Security Management: Authorized administrators can manage operator privileges, assign
roles, configure parameters, and maintain security policies through the management
interface (FMT_MSA.1, FMT_SMF.1). The TSF enforces role-based access control through
hierarchical roles, including System Administrator and Operator, in accordance with
FMT_SMR.1. Additionally, FMT_MSA.3 ensures that default values for security attributes are
restrictive by design, reducing the attack surface during object creation. Administrators
may override these defaults as required for operational needs.
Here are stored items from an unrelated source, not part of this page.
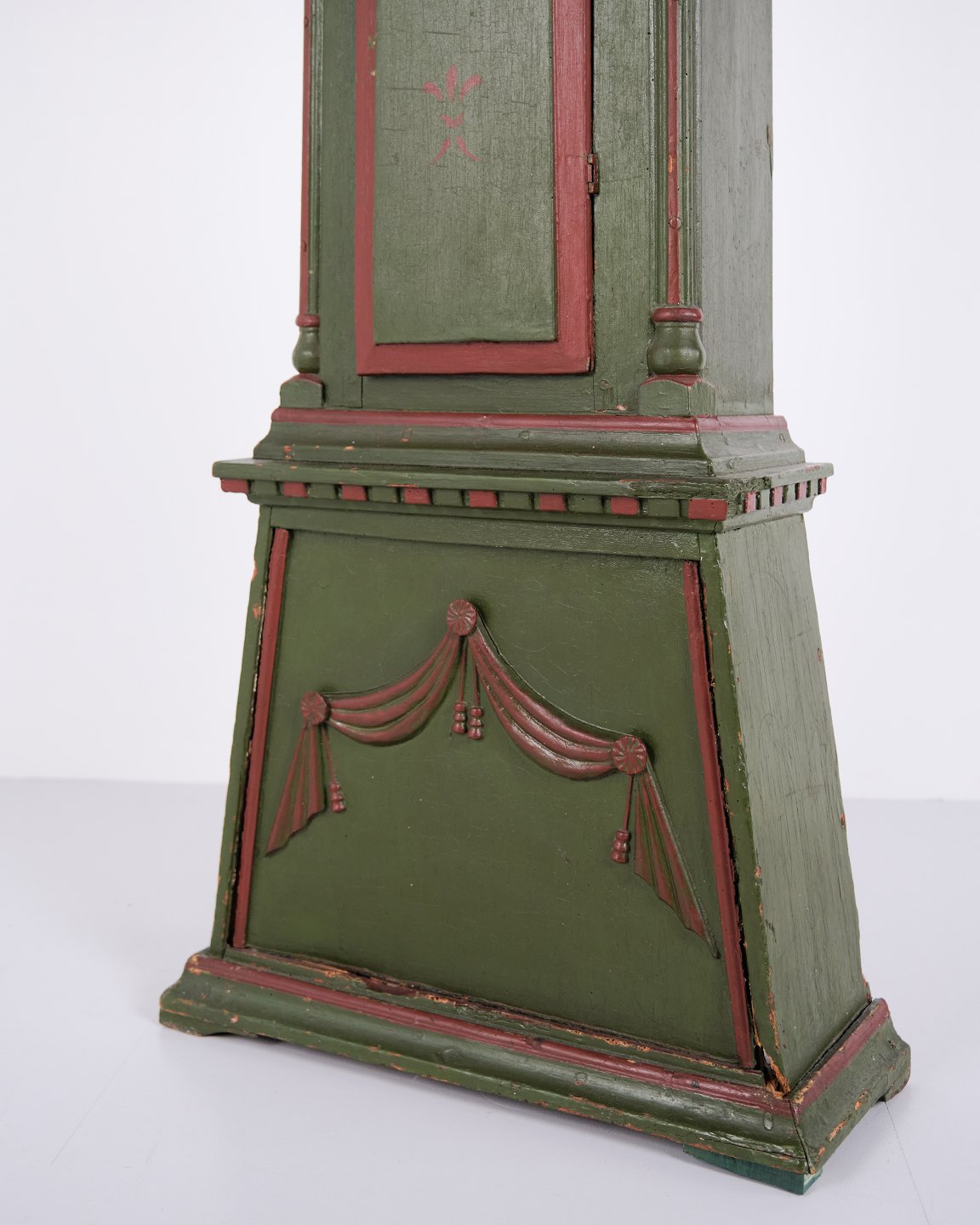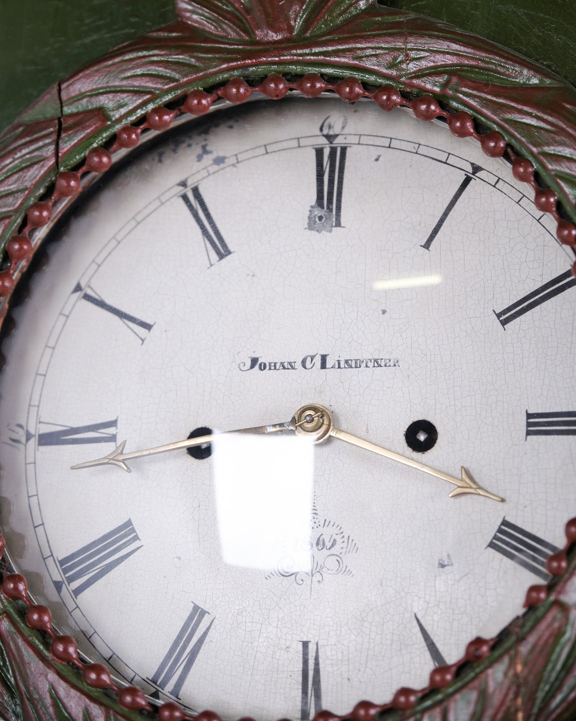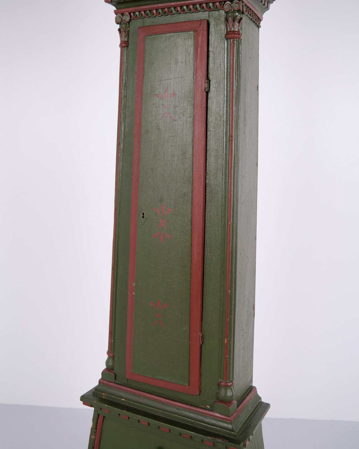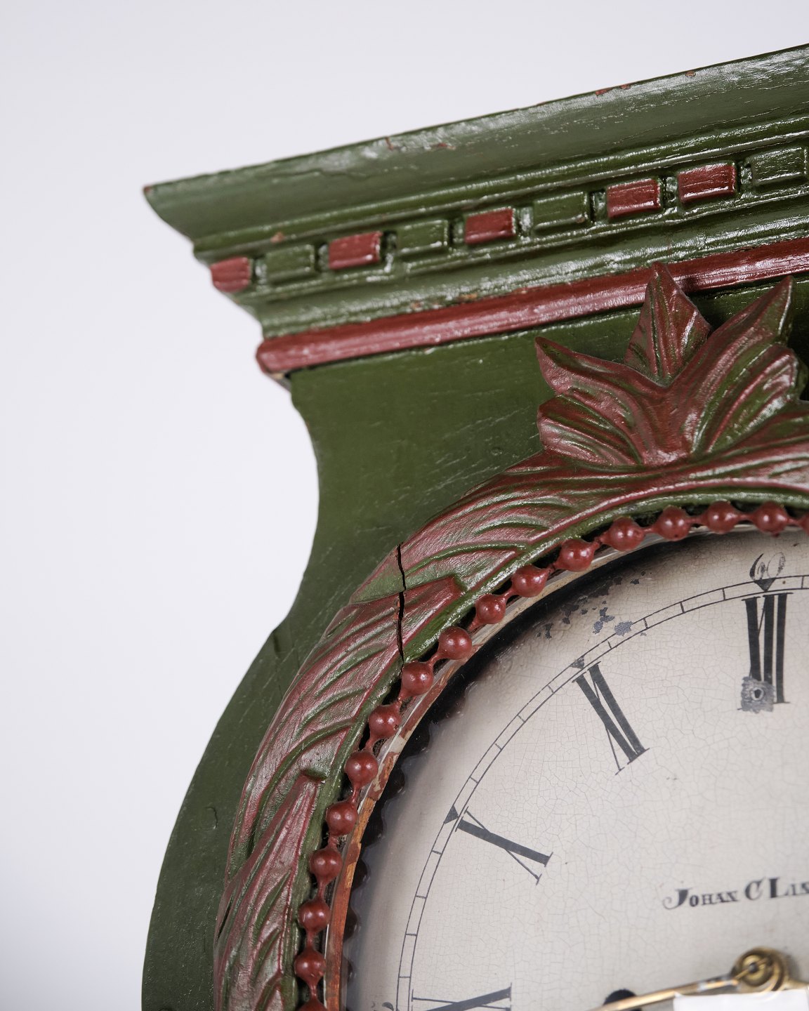 Beskrivelse: Bornholmerur frøkenmodel 1860’erne, håndmalet med udskårne detaljer i grøn/rød bemaling. Antikt bornholmer ur 1800-tallet.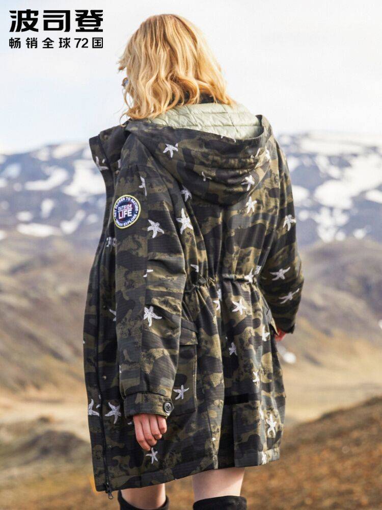 波司登冬季羽绒服女中长款厚款带帽迷彩风衣外套潮B80131118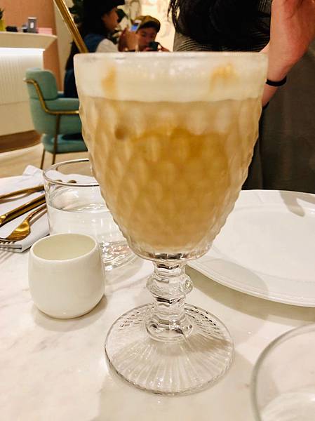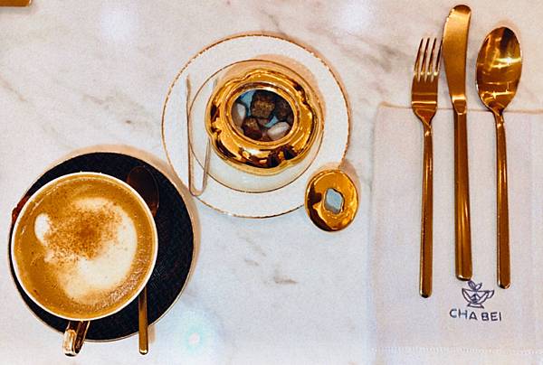 菜單封面用的是Tiffany藍的粉淡藍綠色,餐具都用金色,在柔和中增添一絲貴氣!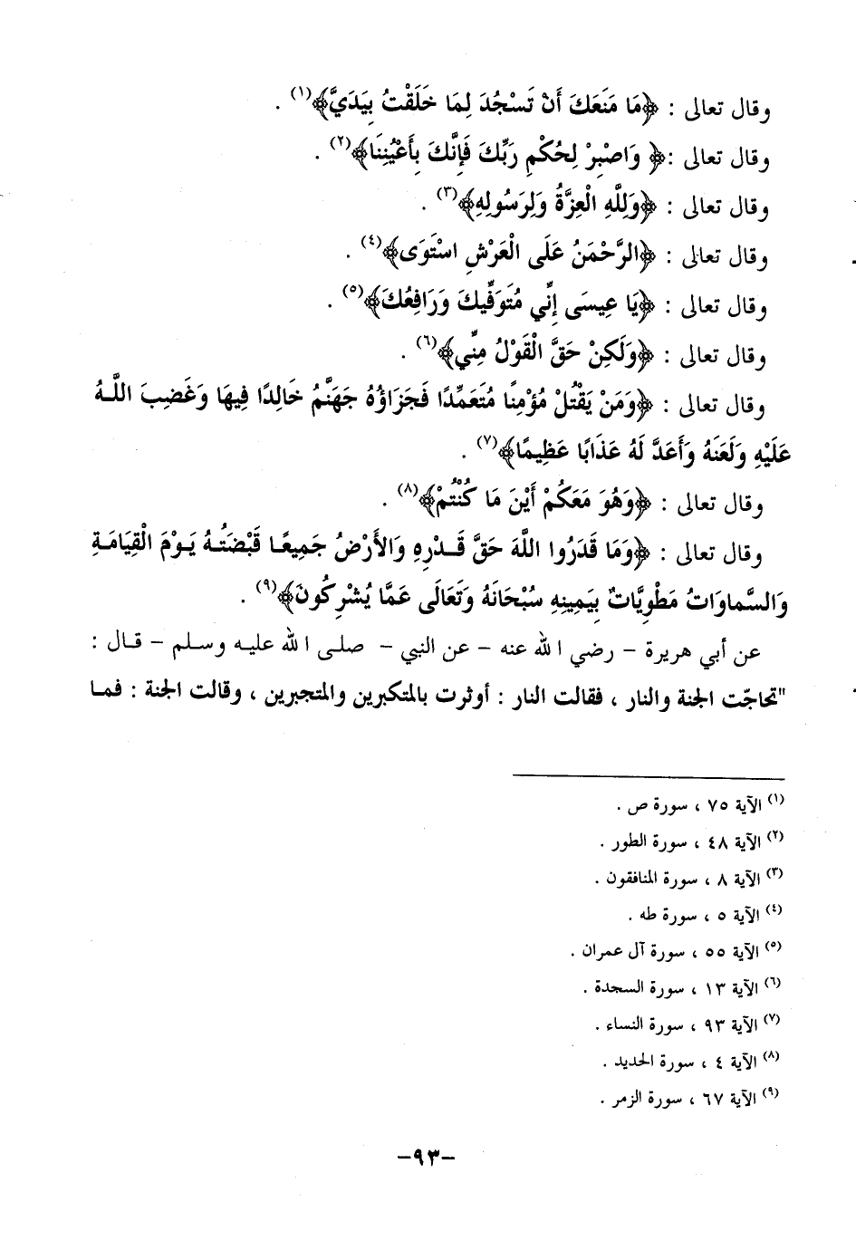 وقال تعالى: {وَمَا قَدَرُوا اللَّهَ حَقَّ قَدْرِهِ وَالْأَرْضُ جَمِيعًا قَبْضَتُهُ يَوْمَ الْقِيَامَةِ وَالسَّماوَاتُ مَطْوِيَّاتٌ بِيَمِينِهِ سُبْحَانَهُ وَتَعَالَى عَمَّا يُشْرِكُونَ} [الزمر: 67].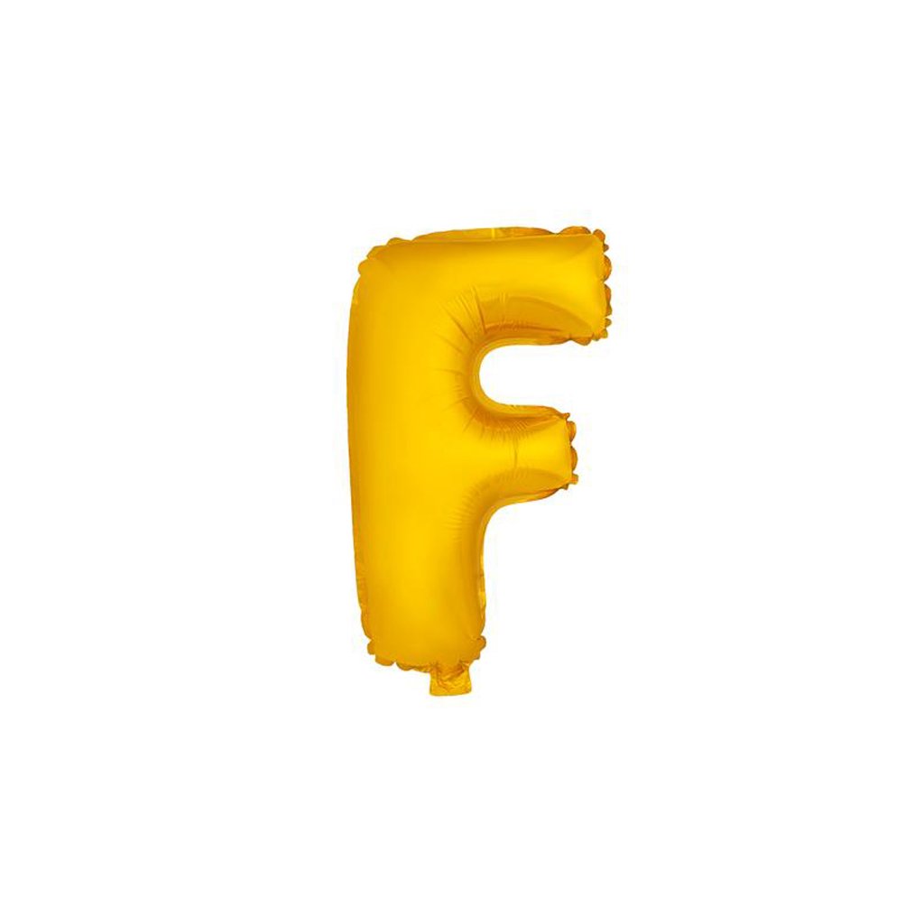 Fóliový nafukovací balónek ve tvaru písmenka "F". Pomocí těchto balónků můžete vytvořit jedinečnou dekoraci každé oslavy, svatby či večírku. Stačí vybrat potřebný počet písmen a sestavit nápis. Nabízíme 23 písmen abecedy. Velikost cca 30 cm. Barva - matně zlatá.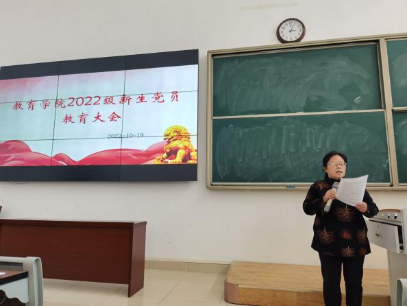 会议伊始,全体党员起立,奏唱国歌。孟向红代表学院对2022级学生党员进行教育讲话。她指出,在全党上下隆重庆祝党的二十大胜利召开之际,举办此次大会有着非常特殊的意义,在座的78名党员同学是学院青年学生中的杰出代表,“党员”不光是优秀的代名词,更代表一种责任、一种义务。只有“平常时候看得出来,关键时刻站得出来,危急关头豁得出来”,才是党员应有的样子,她希望大家坚定不移听党话、跟党走,怀抱梦想又脚踏实地,在学习生活中带头遵纪守法、刻苦学习、服务师生、立志成才、服务社会,在实干中增长才干,配合好辅导员老师做好班级、学院的各项工作,为学院的学风建设、人才培养、学生管理等方面做出自己的努力。孟向红还带领全体党员共同学习了《争做有理想,有担当,能吃苦,肯奋斗的新时代青年》,激励青年学生树立远大理想,勇当先锋、勇挑重担,学习革命前辈能吃苦、肯奋斗的精神,不忘入党初心,在学习、实践中彰显榜样作用,践行党的先进性。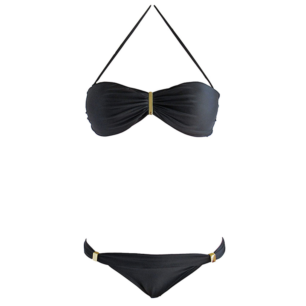The LBD of swimwear. Gold designer detail on top and bottom adds luxe this sexy basic black silhouette.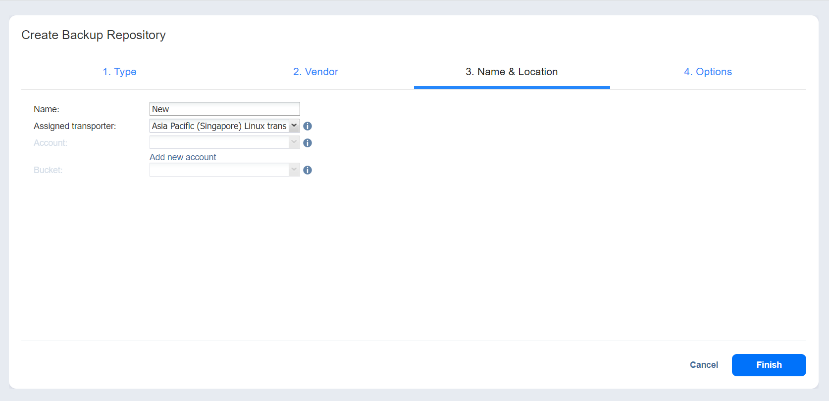 Opcionalmente, haga clic en el enlace Añadir nueva cuenta si aún no ha añadido una cuenta de almacenamiento de objetos genérica compatible con S3 al inventario.
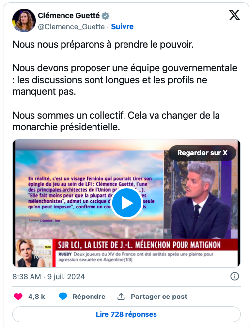 Avec une force de 182 sièges, le Nouveau Front Populaire (NFP) ne s’impose malheureusement pas à l’assemblée. Malgré ça, il se peut que le nouveau Premier ministre soit de gauche. Mais alors qui ? À savoir qu’il faut une personnalité qui représente au-delà de la gauche, pour éviter la motion de censure. Et pour cela, plusieurs noms reviennent. Tel que Clémence Guetté, Clémentine Autain, François Ruffin, Marine Tondelier, Olivier Faure…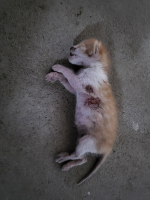 새끼들은 다행히 건강해 보였습니다. 하지만 사흘째 되는 날, 어머니께서 마당에 나와 보니 새끼 한 마리가 피를 흘리며 쓰러져 있었습니다. CCTV로 확인해 보니 마당에서 지내고 있는 다른 고양이의 소행이었습니다.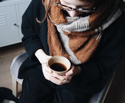 Materials: Ulysse by De Rerum Natura - Color A: caramel, 4 skeins - Color B: poivre et sel, 2 skeins - 3.00 mm needles/ US 3/ UK 11, I used circular needles so I have enough space to work the scarf. - Markers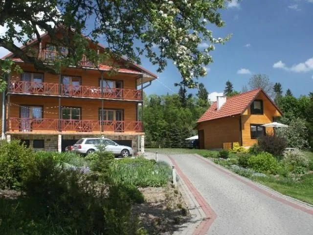 (1023m n.p.m.). Około 50 m od budynku przepływa Potok Gorzki, który oddziela posiadłość od 11 ha lasu. Wokół domu ok. 1ha łąki. Nasz budynek położony jest w odległości ok. 200 m od sanatoriów: Olszówka, Słoneczny Gród, Wierchy.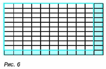 По формуле площади прямоугольника находим, что S = ab. После увеличения длины и ширины прямоугольника на 10% длина будет равна а + 0,1а = 1,1а см, а ширина b + 0.1b = 1,1b см. Тогда площадь будет равна 1,1а • 1,1b = 1,21ab см2, т. е. увеличится на 1,21 ab - ab = 0,21 ab см2. Имеем Этот ответ хорошо поясняет рисунок 6. Из рисунка видно, что к имеющимся 100 малым прямоугольникам, площадь каждого из которых составляет 1% от площади прямоугольника, добавляется ещё 21 малый прямоугольник.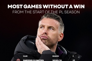 英超历史赛季开局不胜场次纪录: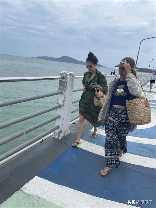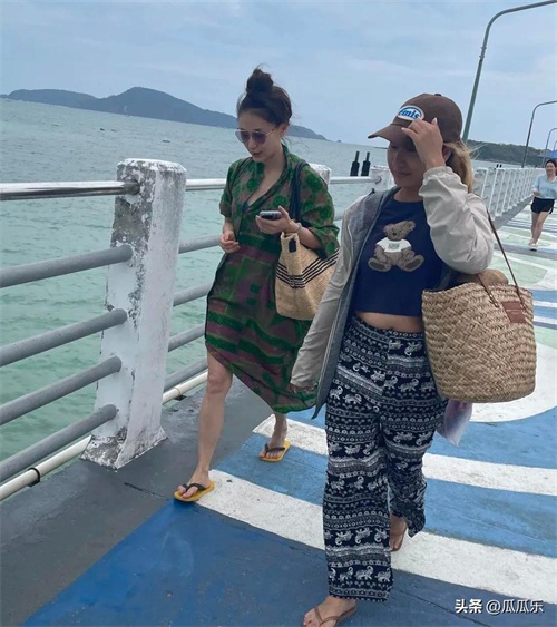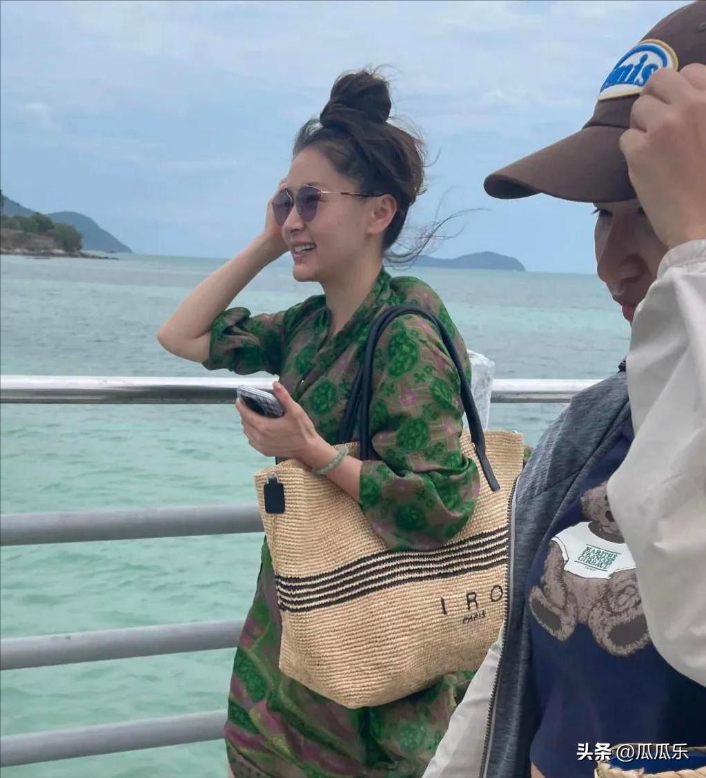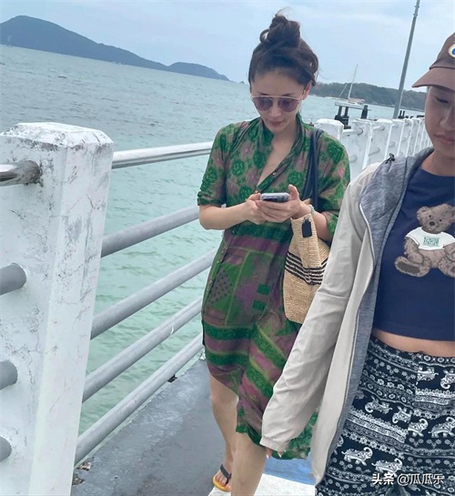在4月2日这天她出现在了普吉岛的海海边,只见她穿了一身绿色带花的长裙。

TOE Access: The TOE enforces secure session management through both TSF-initiated and
user-initiated termination mechanisms. In accordance with FTA_SSL.3, the TOE
automatically terminates inactive user sessions after a configurable timeout period (default
15 minutes) to prevent unauthorized access from unattended terminals. Consistent with
FTA_SSL.4, users may also manually terminate their own sessions. When the period of
inactivity exceeds 15 minutes, the TOE automatically logs out the user and redirects them
to the login page.
In addition, the TOE enforces session control by denying session establishment for disabled
user accounts and limiting each user to a single concurrent session. This ensures that user
sessions are actively managed and prevents users from bypassing access restrictions by
maintaining multiple simultaneous sessions. Re-authentication requires administrator
intervention, ensuring controlled restoration of access.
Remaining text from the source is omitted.